Assim é realmente. As palavras em referência continuarão a escrever-se com c, porque esta letra é pronunciada: se[k]torizar e se[k]torização (cf. dicionário da Academia das Ciências de Lisboa e Grande Dicionário da Língua Portuguesa da Porto Editora). No Brasil, escreve-se e escrever-se-á setorizar e setorização.

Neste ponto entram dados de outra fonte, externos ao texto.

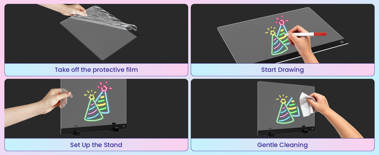 A Glowing Gift That Inspires Creativity: Light up drawing board for kids features vibrant color effects, seven light modes, and smooth 10%–100% dimming to make every drawing shine. The customizable glow adds a magical touch to creative play, making it a thoughtful gift for birthdays, holidays, or special occasions
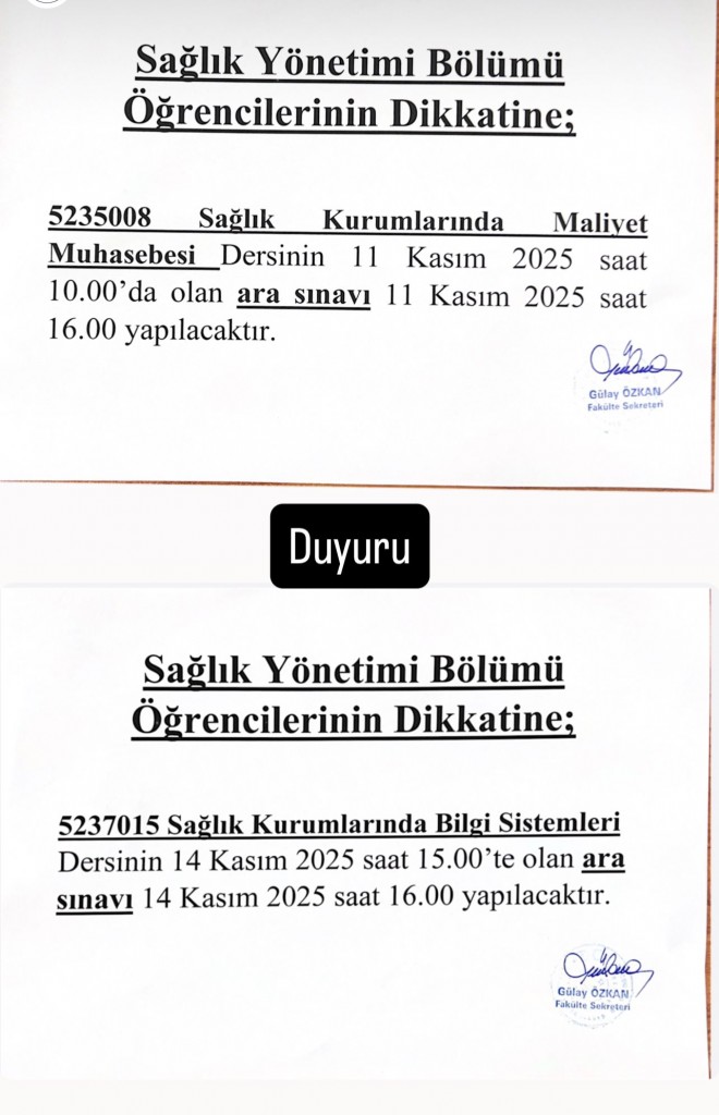 Sınav Değişikliği duyurusu

Assinale-se que as palavras sector e sectorial continuarão a ser escritas também com c em português europeu, embora a sua pronúncia possa variar, segundo o Grande Dicionário da Língua Portuguesa: se[kt]or vs. se[t]or; se[kt]orial vs. se[t]orial. No Brasil, mantêm-se as grafias e as pronúncias setor e setorial.

Pergunta:

A expressão "cavidades escavadas" é considerada um pleonasmo? E como descobrir, no caso mais genérico, se uma expressão é um pleonasmo? Através da etimologia das palavras?

Resposta:

O pleonasmo é identificado pelo significado das palavras: «exéquias fúnebres» é um pleonasmo, porque a definição de exéquias já abrange a significação de fúnebre, ou, por outras palavras, é irrelevante empregar o adjectivo fúnebre com exéquias. Em relação a palavras com o mesmo radical, a sua associação é geralmente pleonástica: «um elemento visual à vista» é um pleonasmo.

A respeito de cavidade, de escavar e do feminino do particípio passado deste, escavada, eu diria que a sua associação não é propriamente um pleonasmo mas antes um ilogismo, porque, a rigor, não se «escava uma cavidade». De facto, escava-se um terreno ou uma árvore, e o resultado é a cavidade que se abriu (cf. Dicionário Houaiss). Diga-se, portanto, «terreno escavado» e «cavidade» ou «cavidade aberta».